What’s brown and sticky? A stick.

I hated facial hair but then it grew on me.

Air used to be free at the gas station, now it costs 2.50. You want to know why? Inflation.

I tried to get a smart car the other day but they sold out too fast. Why? I guess I’m just a bit slow.

Did you hear about the claustrophobic astronaut? He just wanted a bit more space.

Why did the orange lose the race? It ran out of juice.

How you fix a broken pumpkin? With a pumpkin patch.

Why are fish so smart? They live in schools!

What’s 90 degrees but covered with ice? The North and South Poles.

What happened when the blue ship and the red ship collided at sea? Their crews were marooned.

What’s the difference between the bird flu and the swine flu? One requires tweetment and the other an oinkment.

It really takes guts to be an organ donor.

What did the plumber say to the singer? Nice pipes.

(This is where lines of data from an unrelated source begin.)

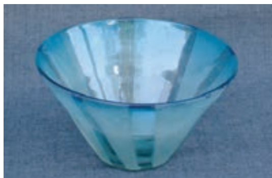
کاسه‌ی شیشه‌ای مات شده به روش ماسه پاشی (سند بلاست)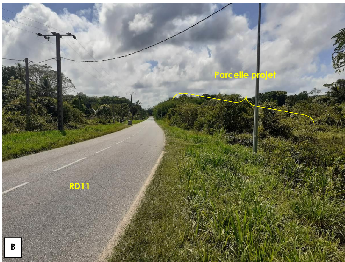
Figure 2 : Vue rapprochée de la parcelle depuis la RD11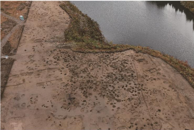
写真3 遺構密集部分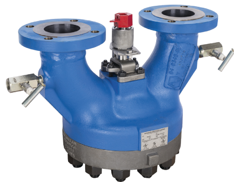
Устройство переключения предохранительных клапанов (ПУ) Anderson Greenwood

Незапланированная остановка критически важных технологических процессов может быть чрезвычайно дорогой. ПУ обеспечивает альтернативу отключениям, вызванным неисправностями предохранительного клапана. Просто переключитесь на запасной клапан, не прерывая технологический процесс, и устраните неисправность во время следующего планового ремонта.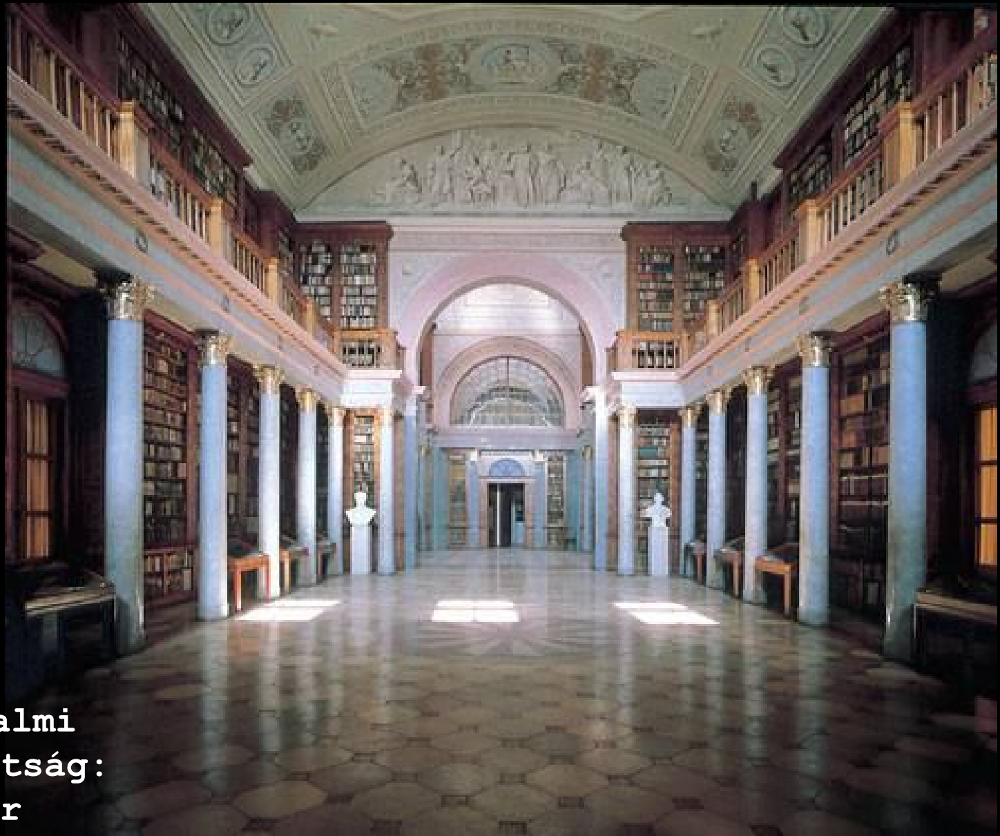
5. Pannonhalmi Bencés Főapátság: könyvtár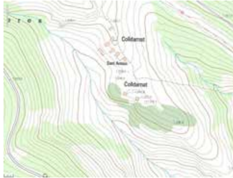
Figura 8. Colldarnat (la Vansa i Fórnols)

Un Coll sovint correspon també al replà d'una serra. Mapa: ICGC.

I was going to tell a time-traveling joke, but you didn’t like it.

I ordered a chicken and an egg online. I’ll let you know.

I’m reading an anti-gravity book. I can’t put it down!

I’d avoid the sushi if I were you. It’s a little fishy!

What do houses wear? An address.

What do you call a line of men waiting to get haircuts? A barberqueue.

Why do seagulls fly over the sea? If they flew over the bay, they would be bagels.

I’m thinking I should do lunges to stay in shape. That would be a big step forward.

What did the baby corn say to the mama corn? Where’s popcorn?

What vegetable is cool, but not that cool? Radish.

What do you call two monkeys who share an Amazon Prime account? Prime mates.

What’s the best thing about Switzerland? I don’t know, but the flag is a big plus.

Why did the man fall down the well? Because he couldn’t see that well!

Why do peppers make such good archers? Because they habanero.

What did the two pieces of bread say on their wedding day? It was loaf at first sight.

What kind of shoes does a lazy person wear? Loafers.

What did the ocean say to the beach? Nothing, it just waved.

What happens when a snowman throws a tantrum? He has a meltdown.

What did the sink tell the toilet? You look flushed!

Where do boats go when they’re sick? To the dock.

What has ears but cannot hear? A cornfield!

Can February March? No, but April May!